I had to unpeel another layer of the Internet. I wasn’t ready to go to the core just yet. If possible, I hoped to avoid places like Reddit and 4chan, the figurative center of Dante’s Internet inferno where simps sit frozen in ice suffering next to unabashed “Karens,” anti-vaxxers, and people who chew too loudly.
The next step was video. Thankfully, I found something. I typed in “Springfield Mall 1990s” into the search bar. The first hit was from a user by the name of “SignalsOverTheAir” who reminisces about the original Springfield Mall before it closed in 2012. Sure enough, the very first thing he mentions is the DMV Express. I can finally see what it looks like. But the shop as it existed in 2012 was closed up, so I had no bearings to go on. I had to go further.
Results from DOBSearch (Screencap)
My next step was to look it up on a website I have used before for looking up businesses, dobsearch.com. Upon searching, I was able to find the business inside the mall. But the address it gave was not specific to any shop. The telephone number was old and dead. Another dead end.
Through the number, however, I was able to find an old PDF document from the DMV that listed different customer service centers around the country. It had a slightly different address for the one in Springfield.
6691-A Springfield Mall Springfield, VA 22150
Unfortunately, when you type in that address into Google, it takes you to a Taco Bamba Taqueria down the road. As delicious as those tacos are, it did not quench my curious appetite for answers. Then it hit me. If I wanted to find the old Internet, I had to go to the one place that stores it for safe keeping, the Internet Archive!
The problem was I couldn’t use on a search team like today. I had to have a website in mind. What would it be? I put in the stupidest and simplest answer I could think of: www.springfieldmall.com. Bingo.
Springfield Mall Website, c. 2002 (Internet Archive)
Apparently the mall slogan back in 2002 was “Turn up the fun.” No wonder they wanted to gut the place and start over. Looking at the menu on the right, I chose the “Service and Financial” hyperlink, which gave me an old school list of relevant businesses. Seven businesses down from some place called “Back Rubs USA” was the DMV Express. I finally found it! It had a different 1-800 number and everything! The best part was, the directory finally showed it’s location, on Lower Level A section. Thankfully when I clicked it, it took me to a c. 2002 map of the mall. Looking at the map, I was able to decipher exactly where it was, and what happened to the location of arguably one of the most famous DMV locations in American history.

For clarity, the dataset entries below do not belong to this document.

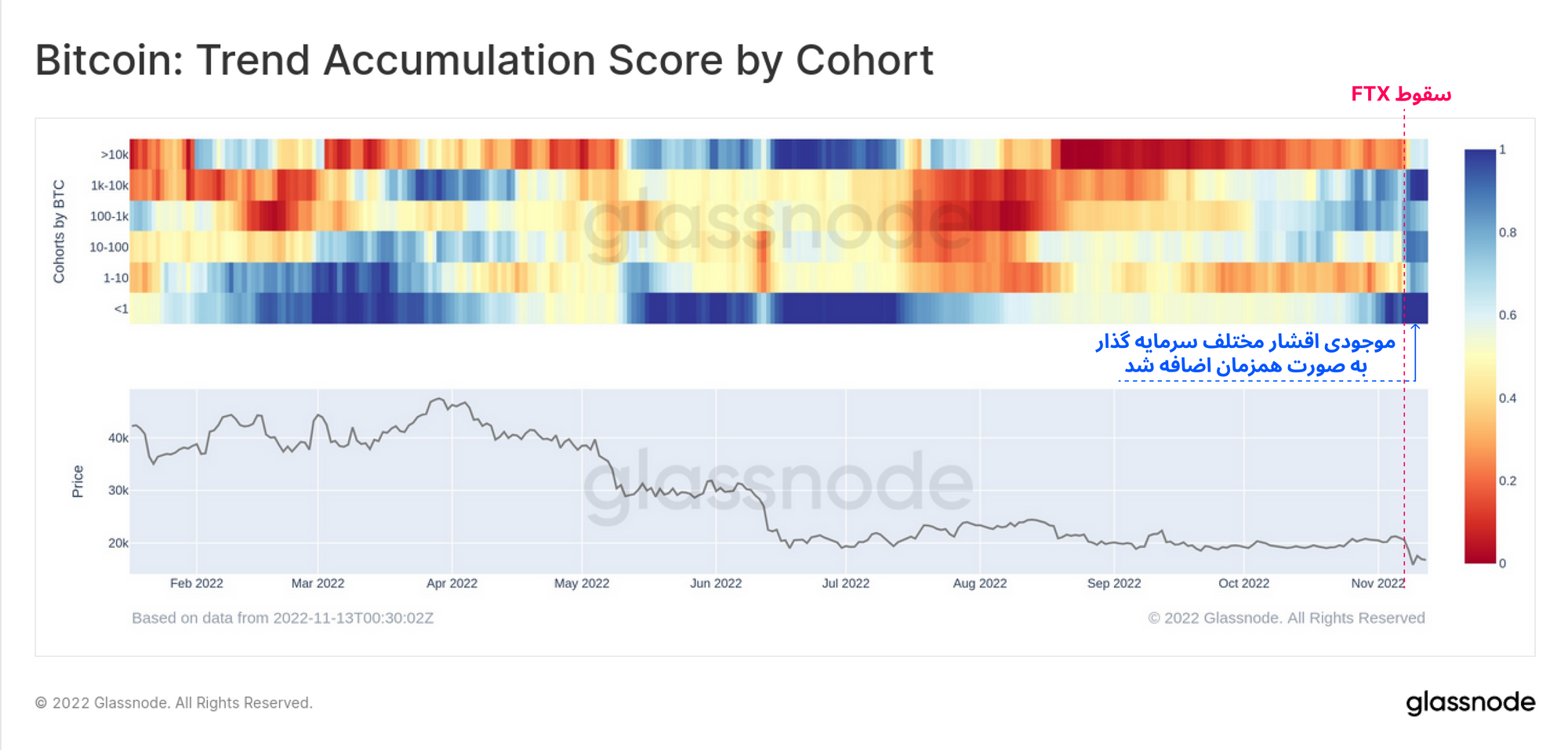 در معیارهای قبل مشاهده کردیم که بیتکوین با حجم و سرعت بسیار چشمگیری از صرافیها خارج شده است. اکنون در نمودار زیر مشاهده میکنیم که پس از حادثه سقوط صرافی FTX، گروههای مختلف سرمایهگذار، پس از خارج کردن بیتکوین های خود از صرافی ها، آن را به کیفپولهای خود منتقل کردند؛ به طوری که تغییر رفتار تمام سرمایهگذاران قبل و بعد از این حادثه بسیار مشهود است. از سرمایهگذارانی که دارای کمتر از یک بیتکوین بودند تا افراد دارای بیش از هزار بیتکوین، موجودی تمام این گروه ها پس از سقوط FTX به طرز چشگیری افزایش پیدا کرد. حتی رفتار برخی از این گروهها نسبت به قبل از این حادثه، ۱۸۰ درجه تغییر پیدا کردهاست.
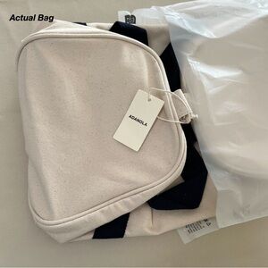 NWT: ADANOLA CONTRAST CANVAS DUFFLE BAG IN CREME/NAVY (O/S)
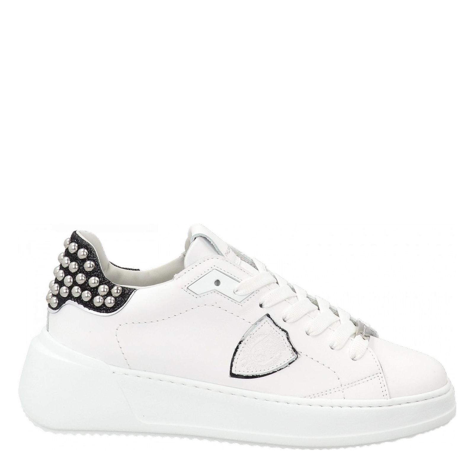Linee essenziali e volumi puliti definiscono questa nuova interpretazione della sneaker Tres Temple. La tomaia in vitello candido è decorata da un topponcino in glitter nero impreziosito da borchie tonde, completato da bordo argentato. Fodera in spugna di cotone e soletta interna in pelle estraibile. Perfette ogni giorno, slanciano la figura grazie alla suola bold in gomma ultra leggera con altezza 4 cm e bordo sagomato.
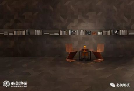 Tricot拼花地板在2019米蘭展中震撼面世,其面層為4mm厚的煙熏橡木板材,意大利工匠純手工打造出繁復穿梭的編織圖案,表面塑造出老化做舊的效果。Tricot拼花不僅能作為地板,還能上墻,打造出包圍式的裝飾鋪裝效果。
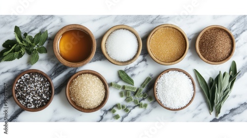 An assortment of sugar substitutes like stevia, agave syrup, and coconut sugar, arranged on a marble surface
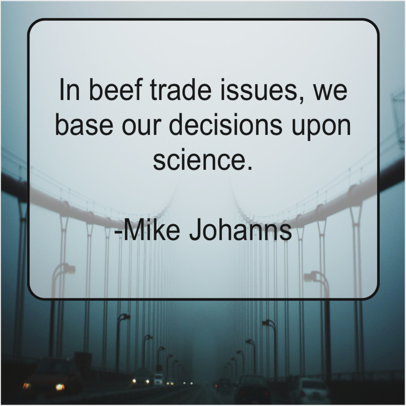 Mike Johanns Mike Johanns – In beef trade issues, we… May 6, 2019 admin “In beef trade issues, we base our decisions upon science.”-Mike Johanns
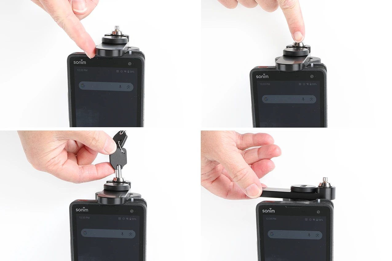 To place the device in the holder: Slide the device downwards into the holdere. Turn the swiveling top sideways onto the device so it holds the device in place. Press the button to lock. To remove the device from the holder: Unlock the lock by using the key. Turn the swiveling top sideways away from the device, so the device is set free. Lift the device upward and out of the holder.
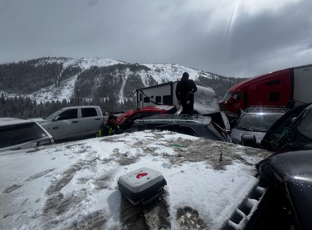 (COLORADO) - The most recent estimate from responders at the scene shows that approximately 70 vehicles were involved in this incident, with 19 people evaluated on scene for injuries, 11 declined transportation, 8 were transported to nearby area hospitals for their injuries, and one person of those 8 sustained serious bodily injuries.
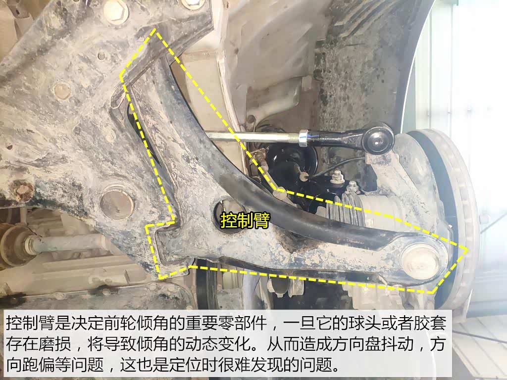 副车架是固定状态,但转向角是左右转动的,所以在连接处都会设计有球头。这个球头是车轮倾角变化的罪魁祸首之一,一旦它出现磨损产生间隙以后。定位时参数都正常,但行驶中球头晃动导致倾角数值波动性变化,从而造成跑偏问题。
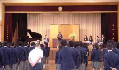 本校を離任することになった先生方をお招きして、離任式が行われました。お世話になった生徒から作文と花束を贈り、離任された先生方にお話をしていただきました。
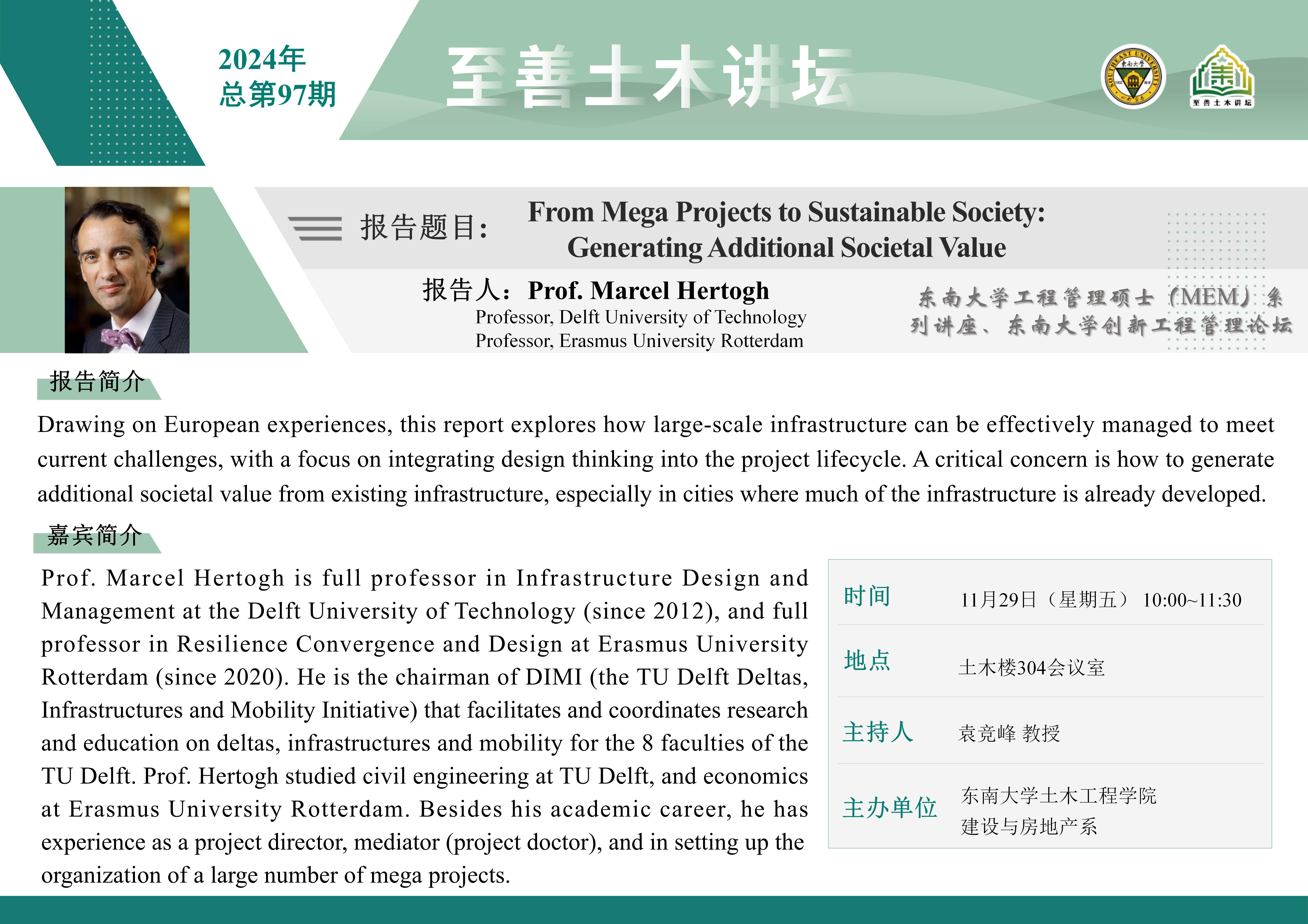 至善土木讲坛2024年总第97期 | From Mega Proiects to Sustainable Society: Generating Additional Societal Value
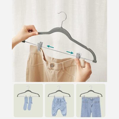 • [Mozgatható kapcsok] A 2 kapocs közötti szélesség állítható (max. 38 cm), így ezek a vállfák tökéletesek különböző méretű nadrágokhoz és szoknyákhoz;a kapcsok végén lévő gumipárnák megakadályozzák a ruhák elcsúszását anélkül, hogy megsérülnének
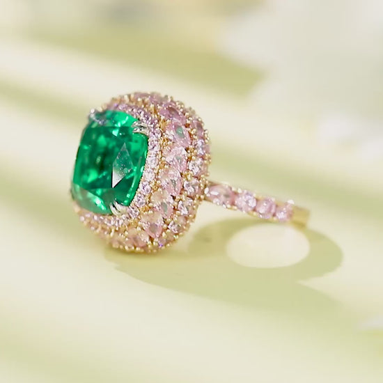 Pirmiana Customized 18K Gold 6.52ct Lab Grown Emerald Ring Engagement Band Jewelry for Women/Men Gifts
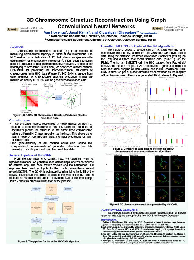 - Hovenga V, Kalita J and Oluwadare O. 3D chromosome structure reconstruction using graph convolutional neural networks [version 1; not peer reviewed]. F1000Research 2022, 11:1419 (poster) (doi: 10.7490/f1000research.1119247.1).
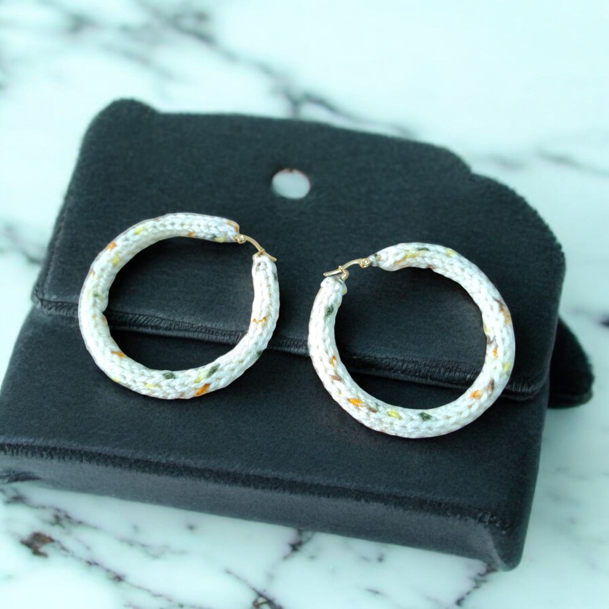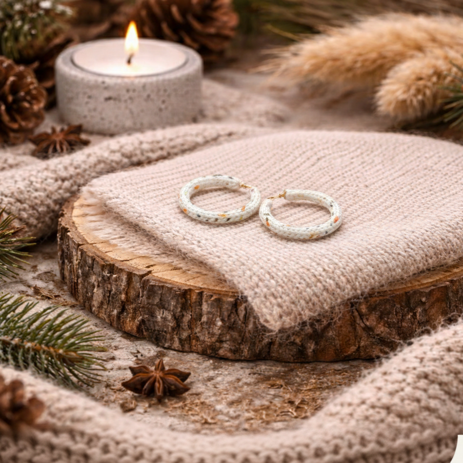 Αυτοί οι κομψοί κρίκοι είναι χειροποίητοι από πλεκτό ύφασμα σε απαλό λευκό χρώμα, διακοσμημένο με μικρές, πολύχρωμες πιτσιλιές. Η αντίθεση των χρωμάτων δημιουργεί ένα παιχνιδιάρικο και φρέσκο αποτέλεσμα, ενώ η πλεκτή υφή προσδίδει μια ζεστή και άνετη αίσθηση.

The former DMV Express is now Eyebrow Designer 21 (Eng Photo)
The former DMV Express was located just outside the lower level of the Target store underneath the escalators. Today, the location is currently a beauty spa and salon called Eyebrow Designer 21. In the few times I would peak out to get footage for this video after making a Target run, the place always seemed busy. It looks like a nice establishment. Good Yelp reviews. I wonder if they know what happened there nearly twenty years ago.
I am thankful that modern technology allowed me to reach back two decades into the past to find what I was looking for. In a year when everything is crushing us down, rehashing the sordid details of 9/11 seemed too much for me. Using the Internet for an offbeat scavenger hunt, however, is another story.